One woman’s reset is another woman’s cortisol spike
Not all longevity protocols are created equal. “The most consistent results come from interventions that support regulation, circulation, and cellular recovery,” says Yinon. In practice, that tends to look far less dramatic than the trends dominating social media.
Therapies like lymphatic compression can help with fluid retention and circulation, while red light therapy is often used to support tissue repair and inflammation. Oxygen-based treatments, too, are gaining traction for improving energy, focus and recovery over time. “They work because they support the body’s natural systems,” he adds.

On the other hand, cold exposure, particularly ice baths, has become many people’s go-to for speeding up recovery after exercise, but its benefits are often overstated, especially for women.
“For some individuals, especially women under high stress or with hormonal imbalance, excessive cold exposure can increase cortisol and place additional strain on the nervous system,” explains Yinon.
Fasting falls into a similar category.

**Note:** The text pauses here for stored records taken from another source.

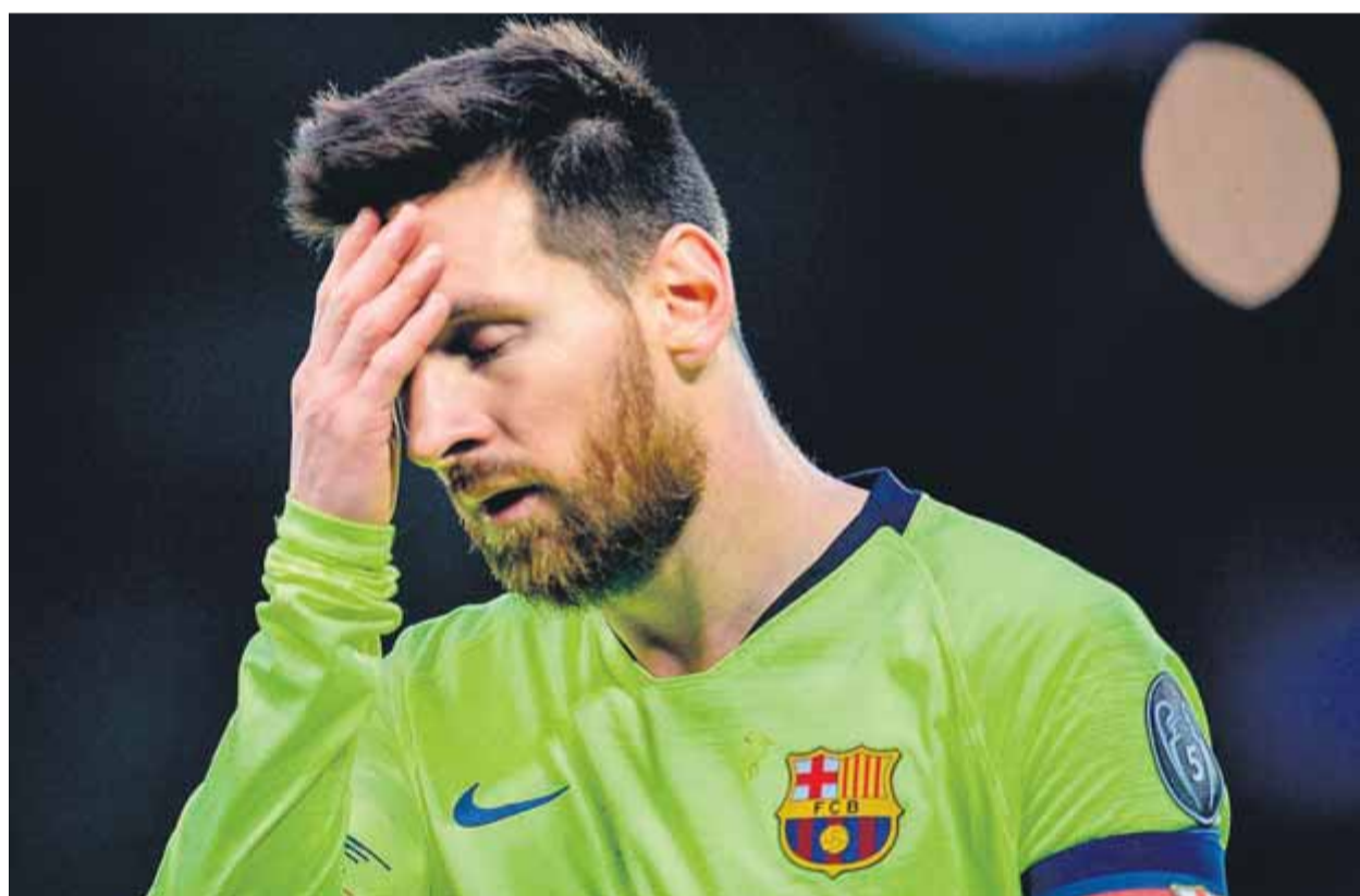
Leo Messi, preocupat i abatut, no va poder fer res per salvar els blaugrana del desastre

ANTECEDENT • Els blaugrana repeteixen el desastre de la temporada passada a Roma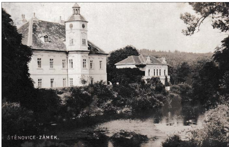
Obr. 5. Zámek ve Štěnovicích nedaleko Plzně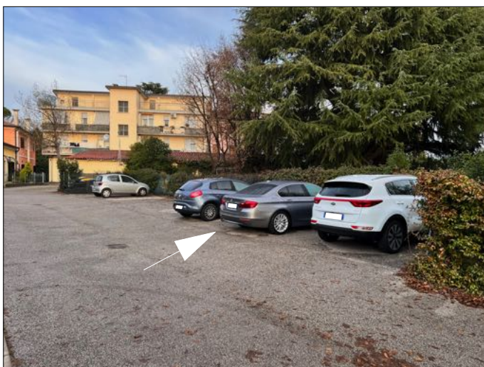
- FOTO - Q.ta 1/10 area urbana Sez C. - Fg 7 Mappale 548 - Sub 62 graffato Mappale 275 - Sub 22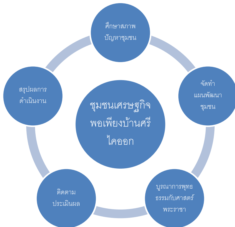
ภาพที่ ๔.๒ กระบวนการพัฒนาชุมชนเศรษฐกิจพอเพียง บ้านศรีไคออก

จากแผนภาพที่ ๔.๒ กระบวนการพัฒนาชุมชนเศรษฐกิจพอเพียง หมู่บ้านศรีไคออก ตำบลเมืองศรีไค อำเภวารินชำราบ จังหวัดอุบลราชธานี มีดังต่อไปนี้คือ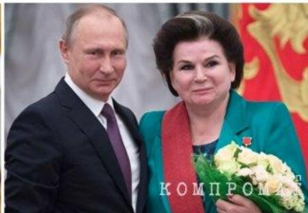
Терешкова с Хрущевым, Брежневым, Ельциным и Путиным.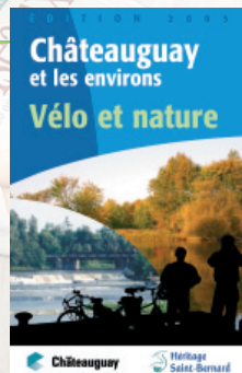
Concept: Point de Vue cartographie.

Pour compléter, la carte offre de l'information sur la rivière Châteauguay, le lac Saint-Louis, la maison LePailleur, le centre nautique, la navette fluviale, les croisières animées en ponton et l'observation des oiseaux. En 2005, 10 000 copies de la troisième édition ont été imprimées et distribuées.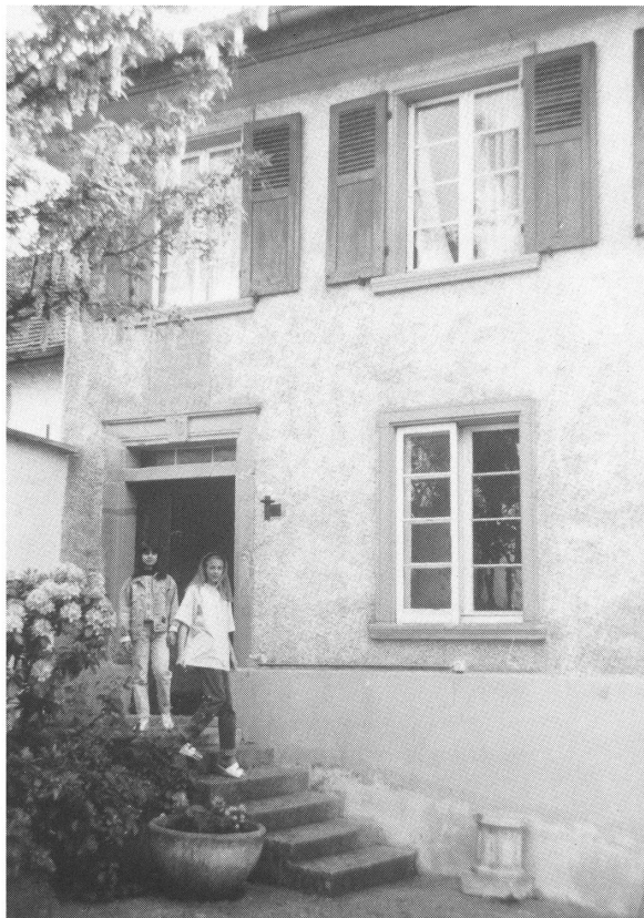
Eingangspartie des Schulhauses 1812 auf dem Rampart (vgl. Situationsplan 2 Seite 12)

Nun ging es aber mit dem Bau des neuen Schulhauses los. Die ersten datierten «Fuhrleute- und Handfröhner» -Listen stammen vom 7. Juli 1812. Anstelle von Steuerzahlungen musste jeder Bürger seinen Anteil an Fronarbeit als Handlanger oder Fuhrmann beitragen. Damit sich keiner drückte, wurde peinlich genau Buch geführt. An besagtem 7. Juli etwa wurden vormittags acht Fuhrleute und 16 «Handfröhner» aufgeboden, von denen elf erschienen. Von den acht Fuhrleuten und 18 Handlangern, die für den Nachmittag aufgeboden waren, schienen alle der Aufforderung gefolgt zu sein. Die Steine für den Mauerbau wurden zum grössten Teil in Ueken geholt, aber auch aus einer «Stein gruben in Stein» . Sand aus der Umgebung wurde herangekarrt, Fuhrleute «auf Sekingen Kalch zu hohlen» geschickt. Mit Fridle Ruffle in Schupfart wurde die Lieferung von rund 200 Quart (1 Quart zu ungefähr 20 Litern) schwarzem und weissem Gips vertraglich vereinbart. Die Tür- und Fenstergewände aus Sandstein mussten in Ittenthal abgeholt werden. Und immer wieder brauchte es Vorspann, um die Steigungen zu überwinden, zum Beispiel «am Kilchrein» . Mehrere Male wurden Fuhrleute ausgeschiedt, um vom «Dirsteinberg Holz zur Schul» zu führen, und am 6. August wurden sechs Gespanne «auf Sekingen Ziegel führen» geschickt, «haben 5000 Ziegel bracht» , die von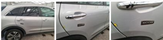
Porte AVD, Griffes(s), Acceptable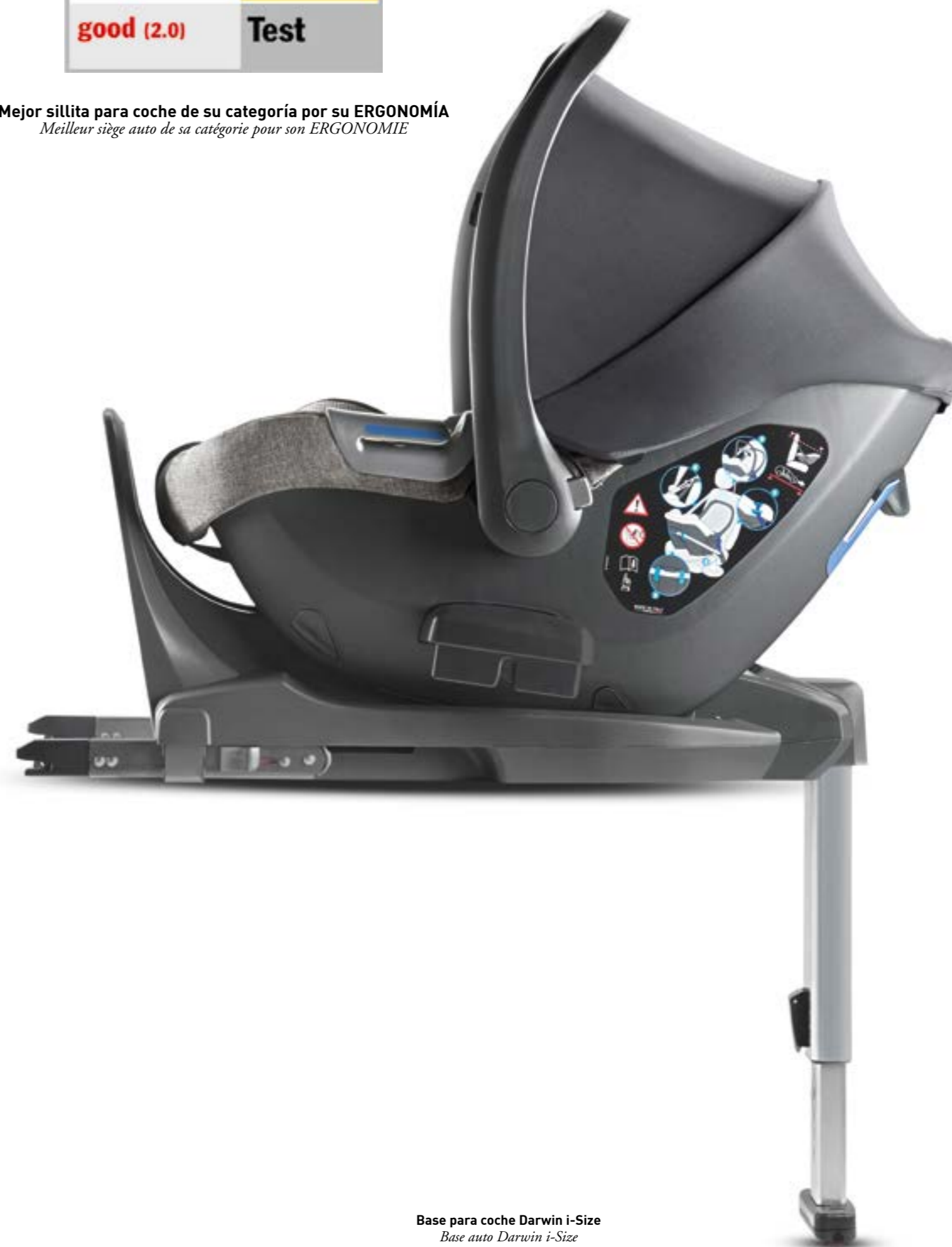
Base para coche Darwin i-Size Base auto Darwin i-Size

Mejor sillita para coche de su categoría por su ERGONOMÍA Meilleur siège auto de sa catégorie pour son ERGONOMIE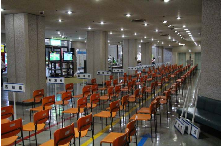
試合直前の集合場所

Often positioned as a reset for metabolism and detoxification, fasting sounds wonderfully simple on paper. Do not eat for a set number of hours or days. Carry on with your life. Become metabolically superior.
But the body is not always compliant.
As functional medicine doctor Dr Olivia Lesslar explains, “The real question is: what can your body actually handle at that point in time?”
Fasting, she notes, can also be interpreted by the body as stress: “If the nervous system reads it as scarcity rather than repair, the outcome may be counterproductive, even paradoxical, such as increased fat storage around the midsection.”
This is the problem with treating longevity like a universal template. What worked beautifully in one season of life may feel completely wrong in another.
NUS professor and biomedical scientist, Dean Ho, points out that longevity protocols are rarely one-size-fits-all. “Women are still underrepresented,” he says. “Their physiology isn’t static. It changes over time, so what works for them shouldn’t stay fixed either.”
Which leaves a less marketable takeaway. Longevity is not about finding the one thing that works for everyone, but understanding what works for you.
The most underrated longevity tool is knowing when to stop

Before reaching for the next supplement, treatment or routine, Yinon suggests a simple filter: What is this actually meant to do, and do you need it right now? Is it helping the body recover, or adding more stress? How do you feel after, not just in the moment, but the next day? And can you sustain it, or is it just another layer of complexity?
“The goal is not to do everything, but to choose what creates measurable, positive change over time,” he says.
Take Wednesdays, which is usually my contrast therapy day. It’s one of the few occasions that I get to properly switch off and be temporarily uncontactable as a parent. There was a week, though, when I felt tired and irritable. Usually, I would brush the mental slump aside and soldier on, only to feel much the same after.
However, feeling a little naughty and rebellious, I skipped the bathhouse, opting instead to head to the nearest medspa for a good, old facial. That night, I slept better than I had in days.
So perhaps the answer isn’t always to add, refine or optimise. Sometimes, it’s recognising when the body is asking for something else entirely, and having the restraint to listen.
Because in the end, if the routine leaves no room for a lazy Wednesday or, heaven forbid, a slice of cake eaten without nutritional analysis, it may be worth asking what exactly we are trying to live longer for.
Important Notice: This article is for general information and should not be considered medical advice. While we strive for accuracy, medical conditions vary, and the treatments mentioned may not suit everyone. Consult a qualified healthcare professional for personalised medical guidance.